Note: My client has committed to do Digital Hiring and Digital On-Boarding process in place to allow a smooth transition during the outbreak. During the next period, new hires will be allowed to work from home, until such a time occurs when normal working returns. At this point, if you are not residing in Belgium the role will require you to relocate to Brussels, which is fully paid for by my client, but until this time, this and many other roles are using remote working.
This role can be a Director or Associate Director Grade, dependent upon your experience and capabilities!
About the Client
The company that is offering this position is a biopharmaceutical company with global footprint and strong values and care about their employees:-
- They have a rich history of marketed products during the last 10 years and they were one of the first to adopt the monoclonal Antibodies. The aim is now to expand the portfolio by including a new platform dedicated to AAV gene therapies.
- The investment over the last years in VV has been gradual and one of the main focuses will be to move the R&D current pipeline they have to the clinical.
- The company growing paces around 15-20% year-on-year, and they have investing in R&D by >21% of T/O over last 5 years for a number of therapies areas including rare diseases, and wider disease targets.

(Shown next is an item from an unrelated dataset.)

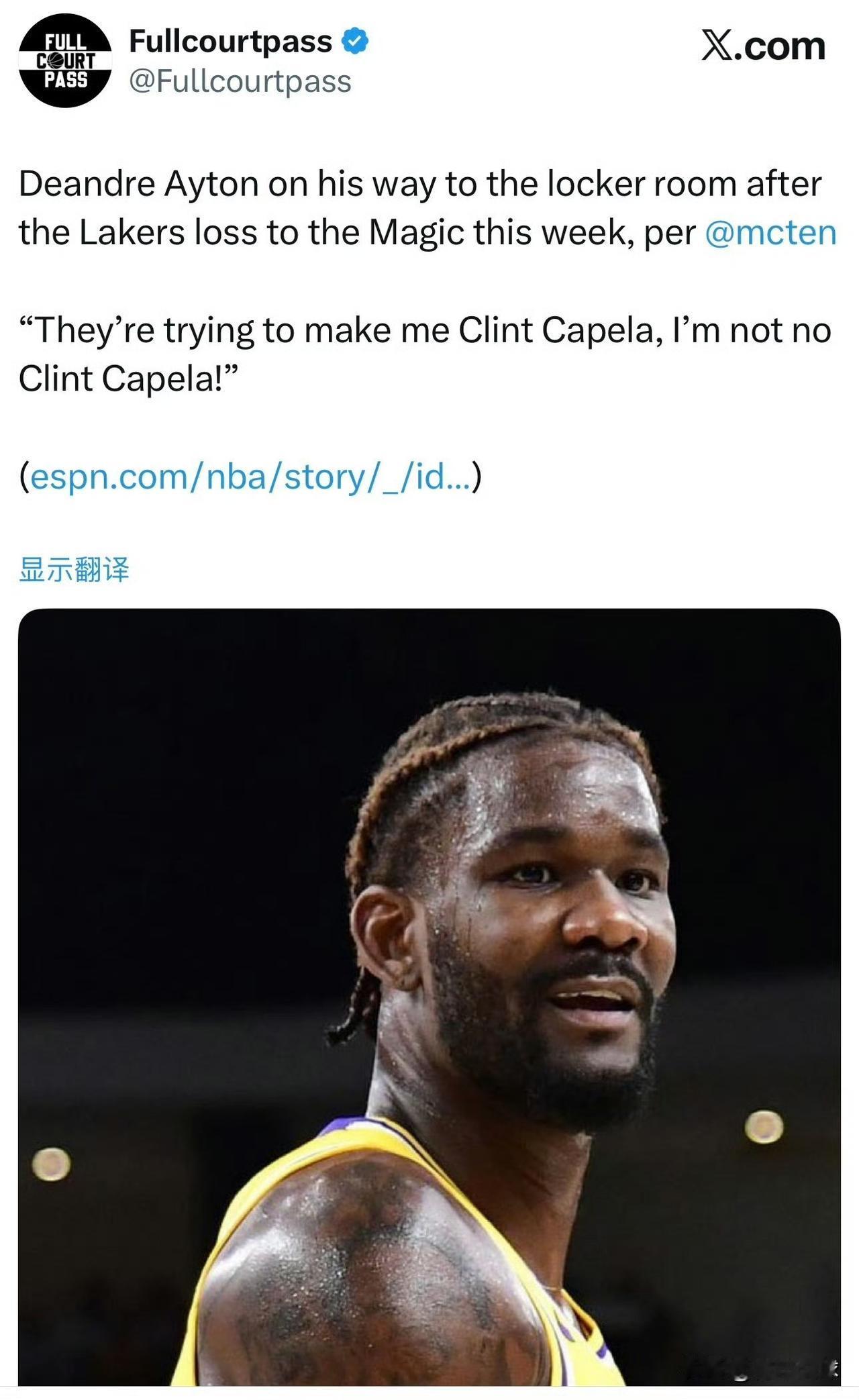 艾顿不满!湖人队内讧了! 据湖人队跟队记者Dave McMenamin报道:在昨天不敌魔术队后,艾顿在接受完公开采访返回更衣室途中大喊“他们想把我当成卡佩拉使用,但我根本不是卡佩拉这类球员”,声音大到更衣室里所有球员都能听到。 很明显,这是艾顿在公开抱怨自己过低的战术地位,他是一名进攻天赋出色的内线球员,而不仅仅是一个只会“吃饼”、掩护、抢篮板的高级蓝领,让他只干脏活累活而不参与进攻太不公平了。艾顿如果能在内线连续完成得分,对于三巨头来说也能减轻不少压力。艾顿的不满不无道理,湖人队需要让艾顿更多的参与进攻,尤其是更多的和三巨头进行配合,这是雷迪克急需处理掉问题!

- As part of the company strategy, they have pulled together a team specialized in licensing and alliances scouting to untapp future research collaborations.
About the role:
We are looking for previous experience in process development / senior scientist with PhD or Masters (MEng, MBio) and 5-8 years of industrialization experience (could be less with Post Docs) in process development for biotechnology products, where 2-3 years out of them should be specifically on AAV / LV development, including process characterization, any direct Phase 2 scale-up for Viral Vector NBE’s would also be useful but not essential.

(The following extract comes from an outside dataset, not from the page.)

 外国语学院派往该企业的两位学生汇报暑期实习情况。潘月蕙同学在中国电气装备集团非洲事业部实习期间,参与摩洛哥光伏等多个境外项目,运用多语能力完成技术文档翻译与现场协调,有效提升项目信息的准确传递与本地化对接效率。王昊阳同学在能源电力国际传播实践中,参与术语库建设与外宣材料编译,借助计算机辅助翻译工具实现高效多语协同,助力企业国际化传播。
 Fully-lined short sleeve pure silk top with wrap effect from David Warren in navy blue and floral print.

The candidate will be one of a handful experts internally responsible for different aspects of manufacturing and technical management, with this role focusing on the up- mid- and downstream development, so you will have designed the experiments in your current role, worked with analytical and the wet labs, to develop and shape successful VVs manufacturing.

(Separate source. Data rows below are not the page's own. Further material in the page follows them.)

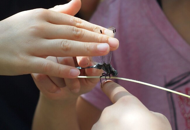 当日は、メダカやエビなどの庭園内に生息する生きもののご紹介と、シオカラトンボやアジアイトトンボの幼虫とアメンボの観察を行う予定です。
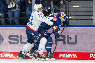 Markus Haennikaeinen #33 (Adler Mannheim), Jonathon Blum #24 (EHC Red Bull Muenchen), EHC Red Bull Muenchen vs. Adler Mannheim, PENNY DEL, PlayoffViertelfinale, 19.03.2025 beim Spiel in der Penny DEL, EHC Red Bull Muenchens - Adler Mannheim. Foto © PIX-Sportfotos *** Foto ist honorarpflichtig! *** Auf Anfrage in hoeherer Qualitaet/Aufloesung. Belegexemplar erbeten. Veroeffentlichung ausschliesslich fuer journalistisch-publizistische Zwecke. For editorial use only.
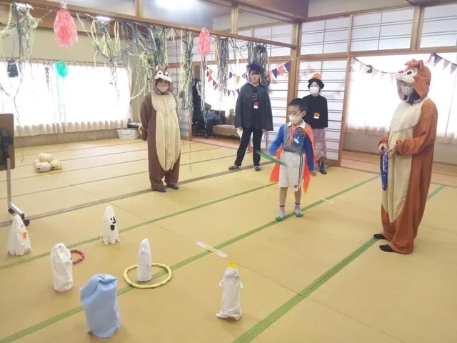 @お化けを輪投げで捕まえて、かぼちゃのボールでボーリング♪

Good understanding of FDA and EMA requirements for CMC packages for ATMPs.
You will have multiple interactions with teams working in analytics, quality, project management, sterile packaging, clinical supply, and with external CDMOs MSAT teams.
This role is fundamental to develop the pipeline and execute process development programs to bring for clinical study rAAVs materials and support the regulatory fillings related to them. You will evaluate technology investments, to support multiple VV NBEs in the project pipeline.
Package & Benefits
This role is based in Brussels, Belgium and comes with full relocation, including disturbance allowances, temporary high-quality apartment, schooling if needed as well as a tax reduction package (for non-Belgium Nationals). The role comes with a car, bonus and stock plan, and there is ample opportunity to grow in this organization. During the Covid outbreak, you will work from home in your country of origin until travel restrictions are lifted!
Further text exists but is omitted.